When this principle is absent, these threats become reachable.

Controls that advance it

Catalogue mitigations that strengthen this principle, grouped by the defence-in-depth stage they sit in.

Prevent
  • Decision summaries When an agent decision reaches a human reviewer, the reviewer must reconstruct the agent's reasoning from raw traces before they can form a judgment. OWASP T10 names this reconstruction burden as the mechanism behind reviewer fatigue and oversight failures. A decision summary addresses the problem by inserting an independent model call between the agent's output and the reviewer: that call compresses the decision, evidence chain, and risk factors into a fixed-format card, reducing the per-review cognitive load without removing the human from the decision.
Detect
  • Split actor An agent that writes its own audit log can omit, alter, or suppress any record of its own actions.
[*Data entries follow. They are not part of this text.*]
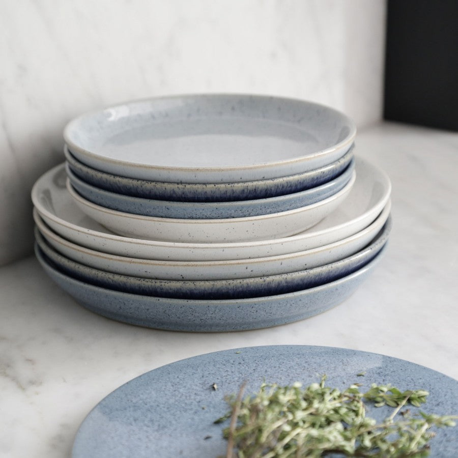 These charming Small Studio Blue Coupe Plates are perfect for smaller portions or for use at a dinner party. This 4 Piece Small Coupe plate set is presented in four tonal glazes as a mix and match set. Perfect as a plate to use every day or a piece for serving, the coupe shape gives you depth and the taller sides make them ideal for dishes with more liquid.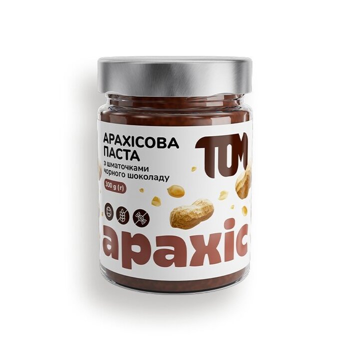 TOM Арахісова паста зі шматочками чорного шоколаду – паста зі смаженого арахісу від українського бренду. Ця паста – незамінний продукт під час масонабору. Також арахіс містить багато магнію та деяких вітамінів. Підходить всім повнолітнім людям.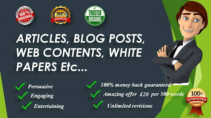 I will write original and authentic SEO articles, blog posts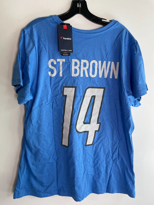 Fanatics Women 1X Detroit Lions NFL Amon Ra St. Brown V-Neck Blue Jersey T Shirt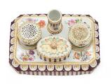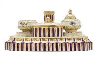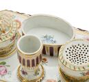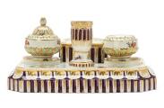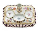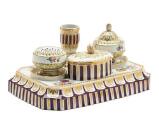 Skrivetøj af porcelæn med fast lysestage og æske samt løst blækhus og sandhus. Kannelurerne stafferede i lilla, bladornamenter på låg og huse i grønt og guld. Den Kongelige Porcelainsfabrik ca. 1780'erne. B. 22 cm.

This is not a theoretical risk: an attacker who controls the acting identity controls the evidence. Actor/recorder separation is the structural fix. The identity that performs an action and the identity that records it are different principals, with non-overlapping permissions, so no single compromise can both execute and erase.
  • Identity monitoring An AI agent operates under a non-human identity (NHI): a service principal, a task role, or a workload credential. That identity produces a stream of access events that, for a well-scoped agent, forms a narrow and predictable behavioural baseline. Identity monitoring applies User and Entity Behaviour Analytics (UEBA) to that stream, alerting when an observed access pattern deviates statistically from the baseline. Because agent behavioural distributions are tighter than those of human users, a deviation is a higher-confidence signal, and a spoofed or stolen credential used from the wrong workload origin is exactly the anomaly the technique is built to detect.
  • Cross-system audit An agent that operates across HR, Finance, cloud, and SaaS systems accumulates permissions at each boundary, often without any single team seeing the combined picture. Privilege accumulates silently across those boundaries until a quarterly review finds it, by which point a compromised or misconfigured agent has had weeks of unchecked reach. Cross-system scope auditing prevents that by continuously reconciling the agent's actual entitlements against a declared baseline across every system it touches and raising a ticket the moment drift is detected.
  • Provenance tracking When an agent produces a claim derived from retrieved data, that claim needs a record of where it came from: the source document, version, and retrieval time. Without that record, a downstream verifier cannot distinguish a well-grounded output from a fabricated one, a tampered one, or a poisoned one. Provenance tracking attaches source attribution to every claim, carries it through each transformation in the pipeline, and surfaces it in audit logs and user-facing interfaces.
Respond
  • Legal hold An audit trail is only useful if its records cannot be altered after the fact. Without a storage-layer enforcement mechanism, a sufficiently privileged attacker (or a compromised recorder identity) can overwrite or delete the records that document what happened. Legal hold and WORM retention solve this by placing audit records in storage that the provider itself enforces as immutable: no user, including account root, can modify or delete a locked object within the retention window. Legal hold extends that protection indefinitely for active incidents, lifted only through an out-of-band authority outside the normal operations team.

In Helmwart

Monitoring is one of the control families counted in the Defence-in-Depth audit; tamper-evidence isn’t modelled.